Trade Paperback: $18.99 487 pages. ISBN #1-4196-0497-X

Cover art by Aaron Kondziela

Tangled Webs is available on Amazon.com (to find it easiest, search by author name), directly from the publisher, booksurgepublishing.com, or ask your local bookstore to order it for you through Baker & Taylor.

For an autographed copy, contact the author for complete details: tangledwebsbook@yahoo.com

Excerpt:

Chapter One

The perfect place, Lia thought, looking at the fine old mansion peeking through rustling chestnut trees beyond the wrought iron fence. She can lie here and stare forever at the house she both coveted and resented, the people she both envied and hated. What could be better?

She looked back down at the five-month-old grave, the earth half-settled with shy wisps of grass already poking out of the rich, dark soil, and read again the new inscription carved in an obviously old stone; a six-foot-deep rectangle of land bought years before with an eye to location. So typical.

 

Dorothea Willett

1942-2004

Disappointed in life, in family, in love

She never had a chance

 
Dorothea Willett. Her mother.

Lia stood immobile, not even breathing, staring at the inscription and waiting to feel something, anything. For so many years she’d wondered how she’d feel when this day finally came: anger, grief, relief, loss, spite, glee, indifference? She’d never once imagined she’d feel nothing, but that was what she felt. Nothing, not one thing, not even an infinitesimal flicker. Nothing. It could have been a stranger lying beneath her feet. No, not even that, for a stranger would have engendered a vague sense of curiosity: how did she die, who was she, what kind of life had she had to leave an epitaph like that? But Lia stood filled with a blank unfeeling void as she gazed on her mother’s grave. For ten minutes she stood, waiting for the dam to break, the other shoe to drop, the train to broadside her. Nothing happened.

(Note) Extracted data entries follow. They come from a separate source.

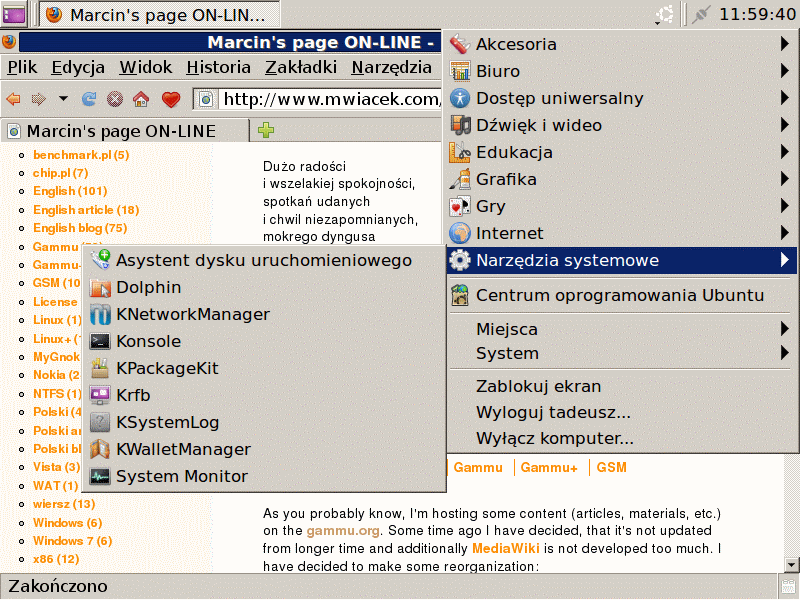 W tej konfiguracji KDE niestety zaczęło "rządzić" np. ustawieniami fontów różnych aplikacji, w Gnome zabrakło np. wpisów do konfiguratora KDE...
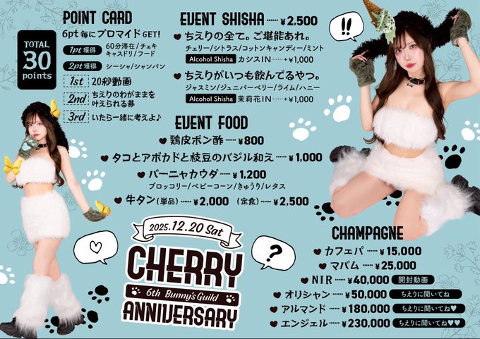 秋葉原・神田 Bunny's Guild バニーズギルド固定12月20日周年イベ🍒ちえりちゃん🐰@cherry0305_BG·12月後半 16日 18-24 19日 20-(?) 20日 19-5 ちえり周年イベント🍒 22日 18-24 23日 17-23 池袋留学 27日 21-5 29日 21-5 30日 21-5 1月 2日 21-5 3日 21-5 4日 18-2414371,299
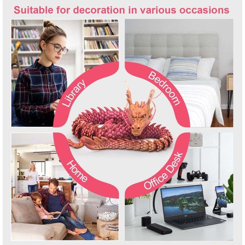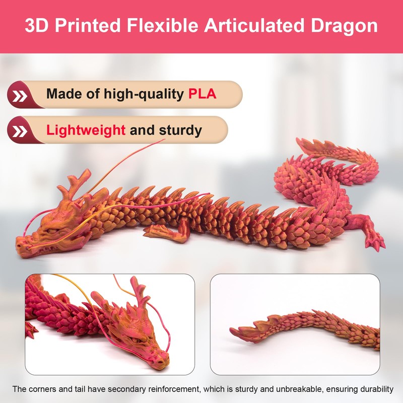 Type: 3D Printed Dragon Color: Red Material: PLA Size:24 inch Includes: 1 Pack 3D Printed Dragon 3D Printed Dragon is a fun stress relieving toy for manic fun, helps to improve concentration and work efficiency.dragon toy can be used as decorations for restaurants, libraries, art galleries, offices, bedrooms, homes, desks and other occasions, and are the perfect decorations for any fantasy collector fan.
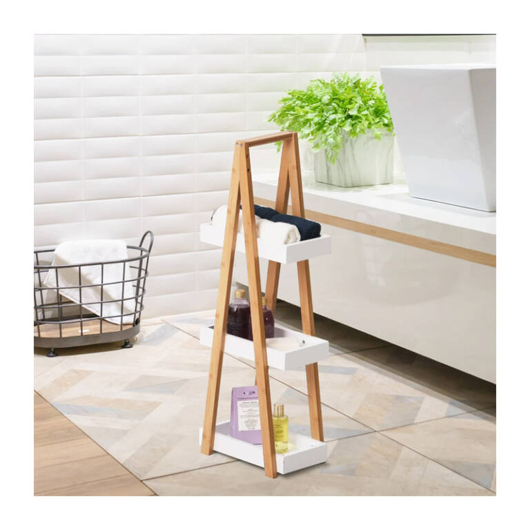 Η ραφιέρα μπάνιου, από την εταιρία Kleankin, είναι κατασκευασμένη από ανθεκτικό MDF και φυσικό ξύλο μπαμπού, με ομαλό φινίρισμα με στρογγυλεμένες γωνίες και διαθέτει τρία ευρύχωρα αποθηκευτικά ράφια.
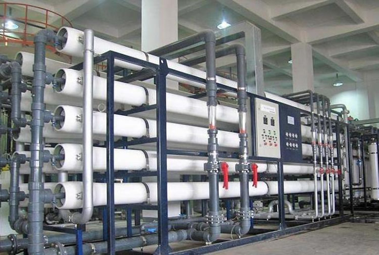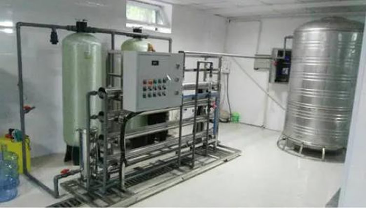 原水池→原水泵→石英砂過濾器→活性炭過濾器→阻垢劑裝置→5μm精密過濾器→1μm精密過濾器→一級(jí)高壓泵→一級(jí)RO反滲透→二級(jí)高壓泵→二級(jí)RO反滲透→臭氧發(fā)生器→無菌水儲(chǔ)罐

Raising her brows she turned away with a sigh, made her way back down the hill, and turned right when she reached the main road, away from where she’d parked her car. She had just over an hour before the meeting with the lawyer where she would sign whatever needed signing and then get the hell out of there. She had no intention of staying one second longer than necessary, but as long as she was here she might as well sightsee. She certainly didn’t want to hang around in the town.

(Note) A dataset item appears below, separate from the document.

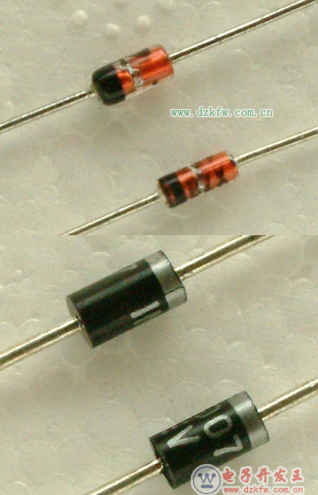 二极管种类有很多,按照所用的半导体材料,可分为锗二极管(Ge管)和硅二极管(Si管)。根据其不同用途,可分为检波二极管、整流二极管、稳压二极管、开关二极管等。按照管芯结构,又可分为点接触型二极管、面接触型二极管及平面型二极管。
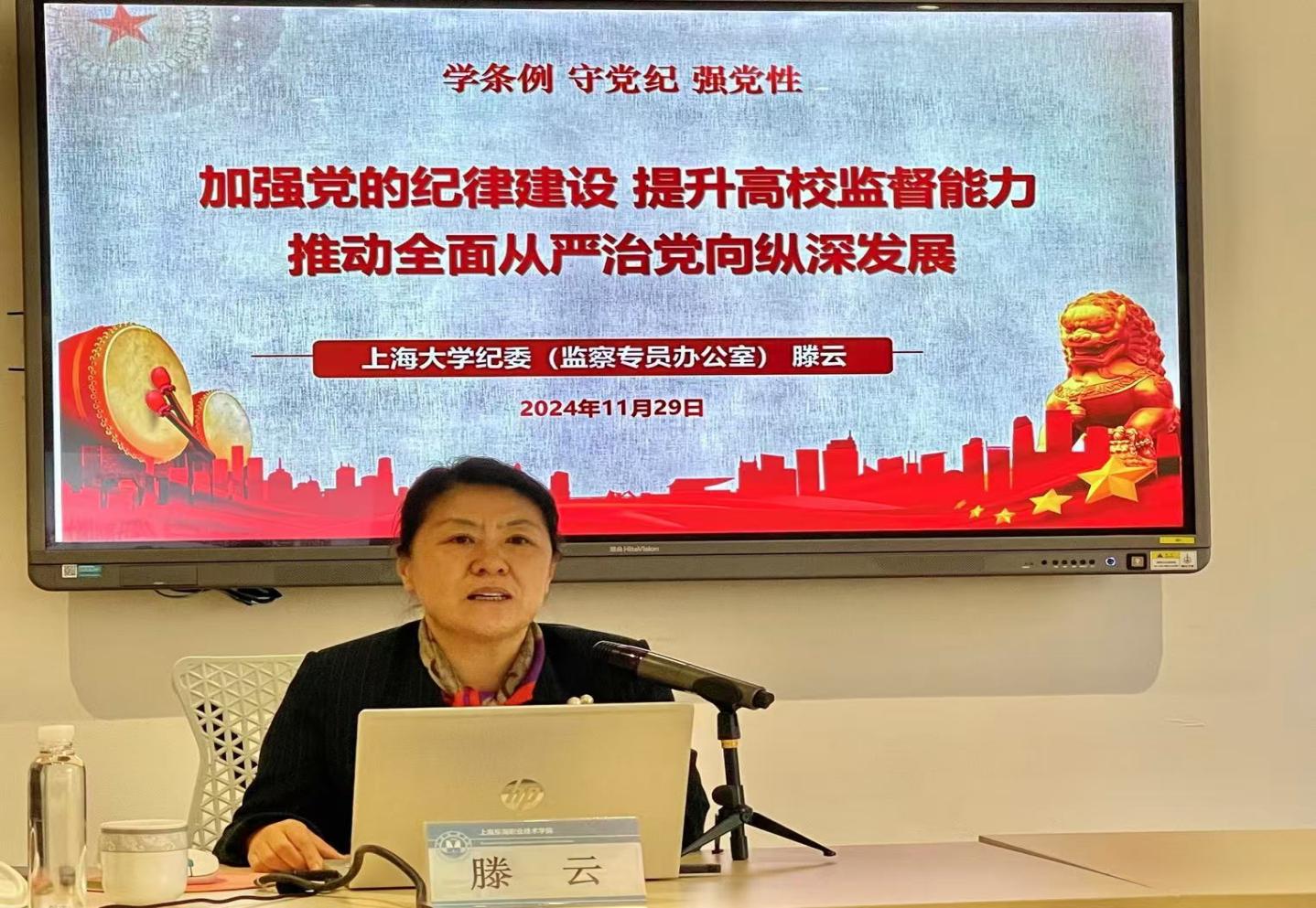 滕云同志以《加强党的纪律建设,提升高校监督能力,推动全面从严治党向纵深发展》为题,从党的纪检监察历史经验到当下实践,从理论探索到案例剖析,聚焦高校人员任免、考试招生、物资采购、资产管理、基建项目、评审评比、因公出国七大重点领域,立足党纪学习教育、“六大纪律”及案例警示、聚焦重点领域监督、履职尽责知行合一四个方面,深刻而又生动地详细阐述了纪检监察工作对民办高校规范发展保驾护航的重要性和现实性。滕云同志还将上海大学纪检监察工作的探索历程娓娓道来,分享了“13579”上大纪检监察工作实践探索的宝贵经验,为我校纪检监察工作开展提供了有益的启示。

 I don’t understand why I had to be here in person, she thought as she weaved her way between the tombstones, stopping to read one here and there, names echoing at her from the distant past. There are notaries in Chicago, why couldn’t he have just sent me what needed signing?

 She stopped abruptly at a reddish stone marker etched with a torch balanced on an open book and felt a sympathetic sinking in her breastbone as she read the inscription. John Lampland, the town librarian, had died four years ago. She remembered him fondly, he’d been so nice to her, one of the only ones who ever were. He’d seemed so old even back then that everyone said he’d probably live forever. Lia did the math and smiled to discover he’d reached ninety-seven just three days before his death.  Knowing him, he was probably still shelving books when the Angels came to call.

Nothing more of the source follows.